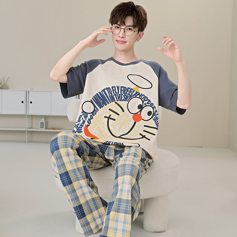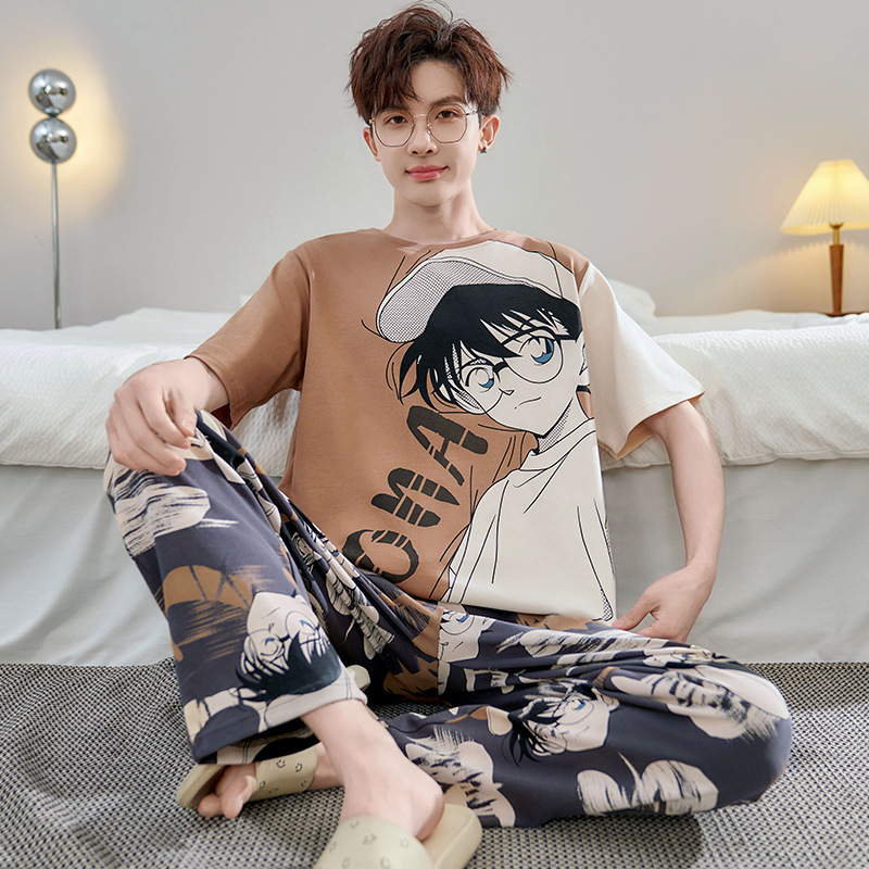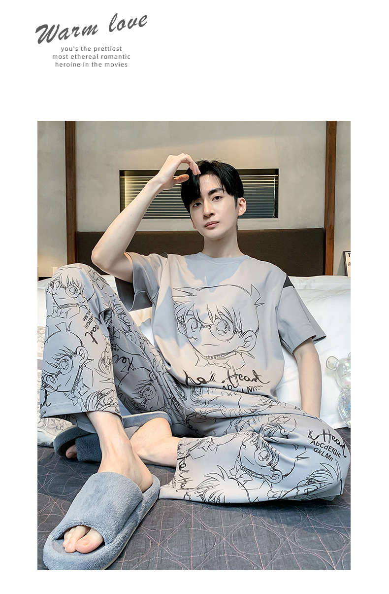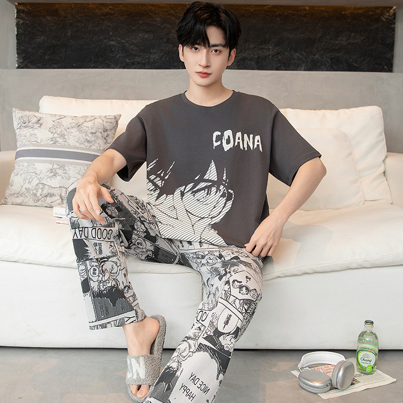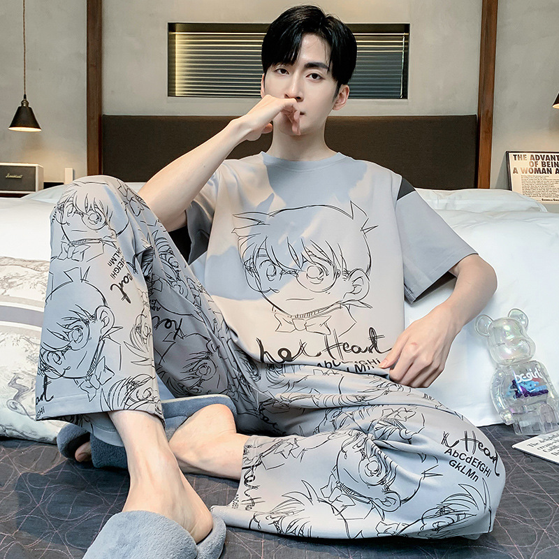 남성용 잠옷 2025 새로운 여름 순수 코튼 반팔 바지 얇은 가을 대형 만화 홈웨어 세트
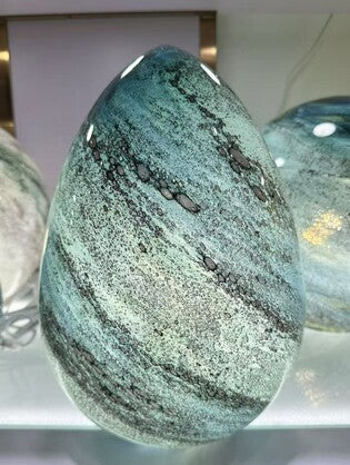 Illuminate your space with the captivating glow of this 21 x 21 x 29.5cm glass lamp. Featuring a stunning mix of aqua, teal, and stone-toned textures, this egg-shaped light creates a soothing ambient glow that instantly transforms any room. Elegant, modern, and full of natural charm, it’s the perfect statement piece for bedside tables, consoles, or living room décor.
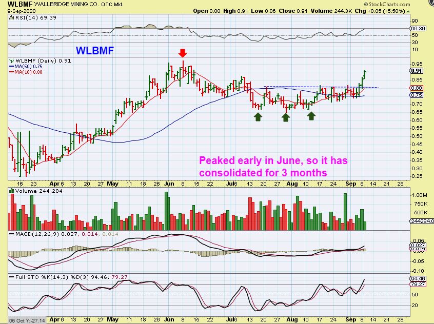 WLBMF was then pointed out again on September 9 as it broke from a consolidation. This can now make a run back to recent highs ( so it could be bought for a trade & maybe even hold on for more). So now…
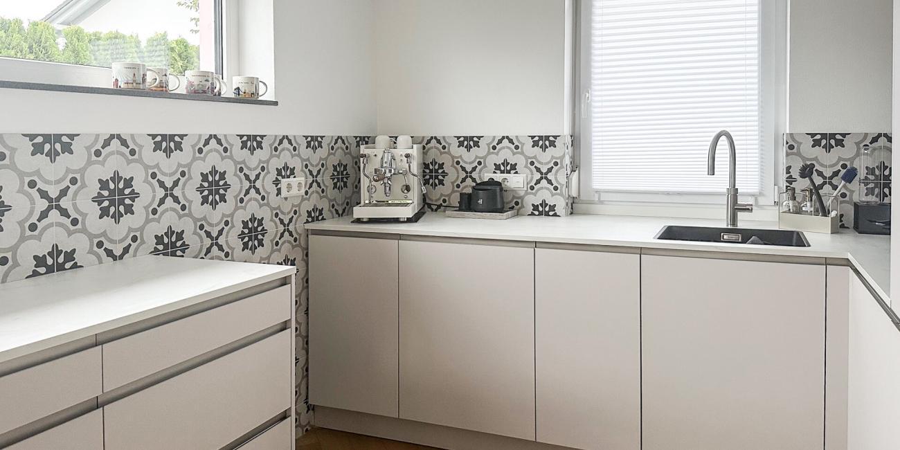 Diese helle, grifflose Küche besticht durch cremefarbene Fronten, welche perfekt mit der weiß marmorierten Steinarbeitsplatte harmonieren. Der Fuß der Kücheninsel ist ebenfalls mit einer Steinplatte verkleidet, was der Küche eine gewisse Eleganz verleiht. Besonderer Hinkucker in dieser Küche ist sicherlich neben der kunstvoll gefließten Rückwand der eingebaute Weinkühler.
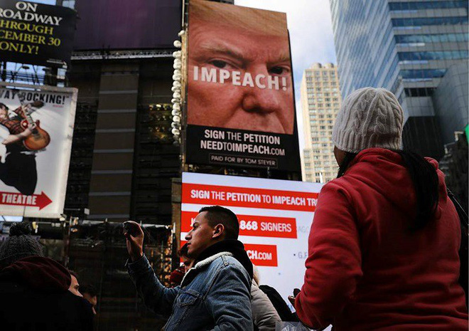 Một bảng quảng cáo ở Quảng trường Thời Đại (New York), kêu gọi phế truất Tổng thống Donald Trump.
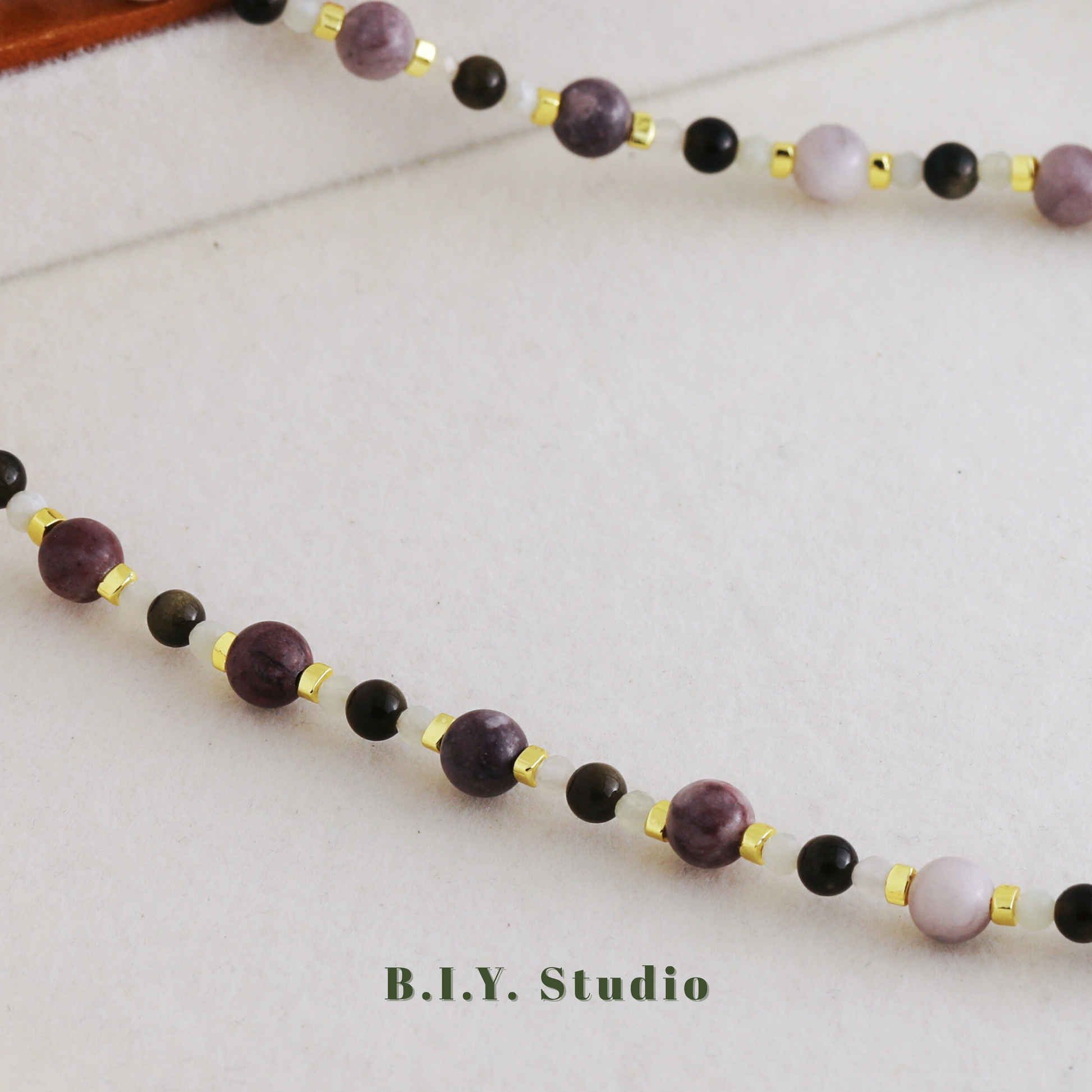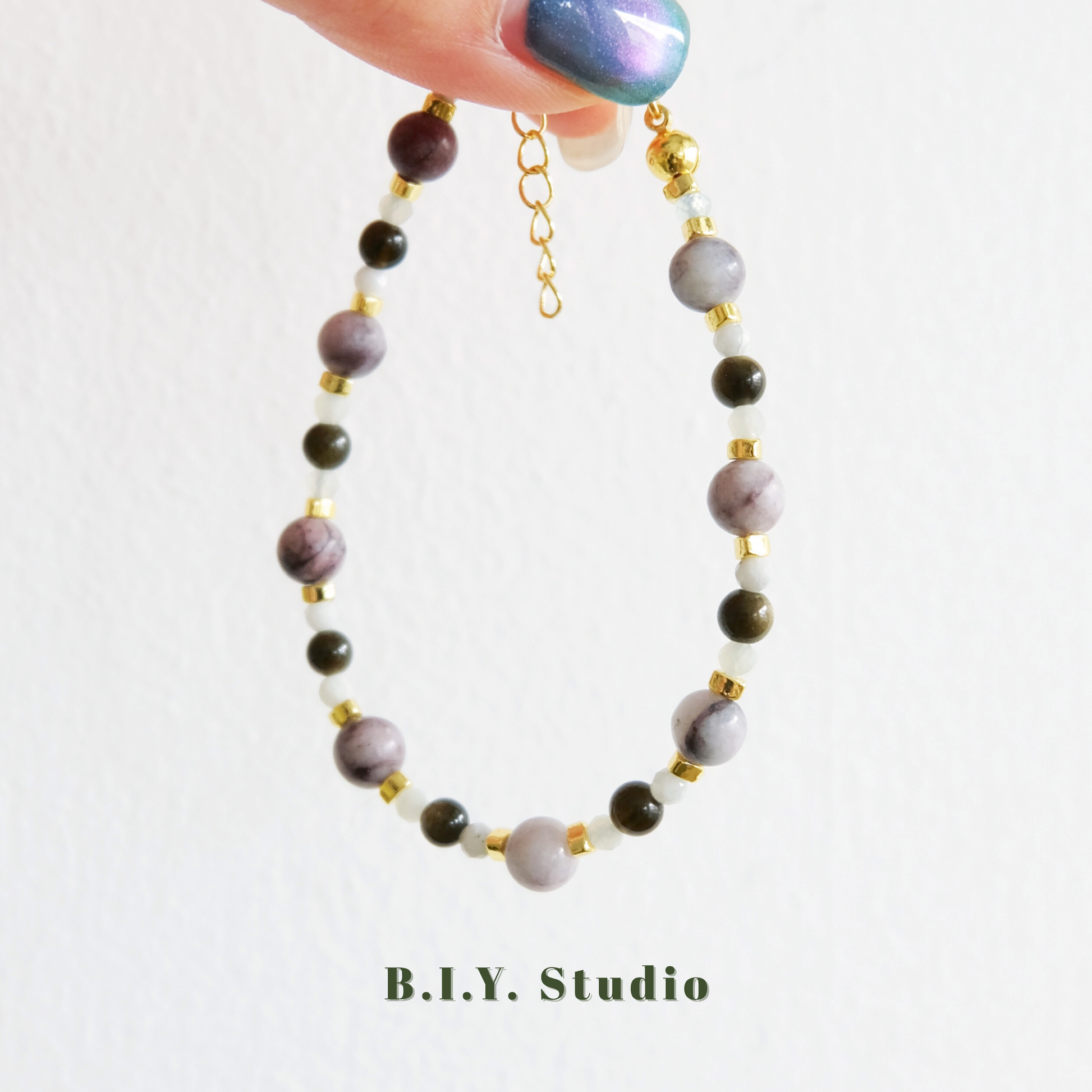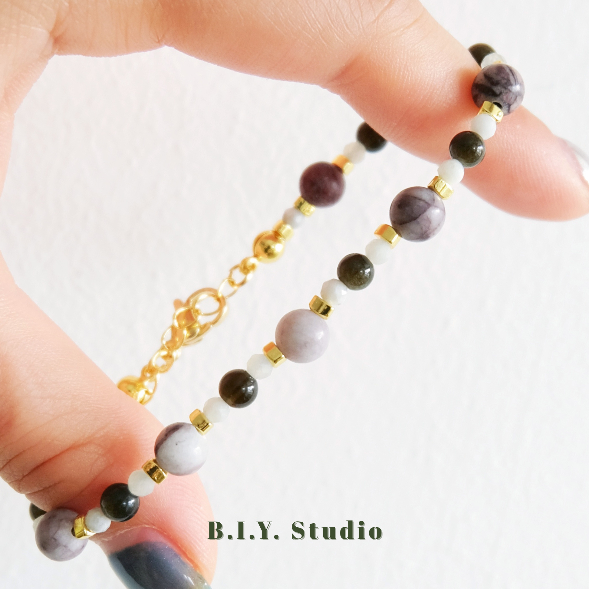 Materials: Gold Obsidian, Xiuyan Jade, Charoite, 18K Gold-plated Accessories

→ EXERCISE GOAL
Give exactly those lines of the listing that run from its first line through the line with "Illuminate your space", leaving each picture out.

→ ANSWER SPACE
 남성용 잠옷 2025 새로운 여름 순수 코튼 반팔 바지 얇은 가을 대형 만화 홈웨어 세트
 Illuminate your space with the captivating glow of this 21 x 21 x 29.5cm glass lamp. Featuring a stunning mix of aqua, teal, and stone-toned textures, this egg-shaped light creates a soothing ambient glow that instantly transforms any room. Elegant, modern, and full of natural charm, it’s the perfect statement piece for bedside tables, consoles, or living room décor.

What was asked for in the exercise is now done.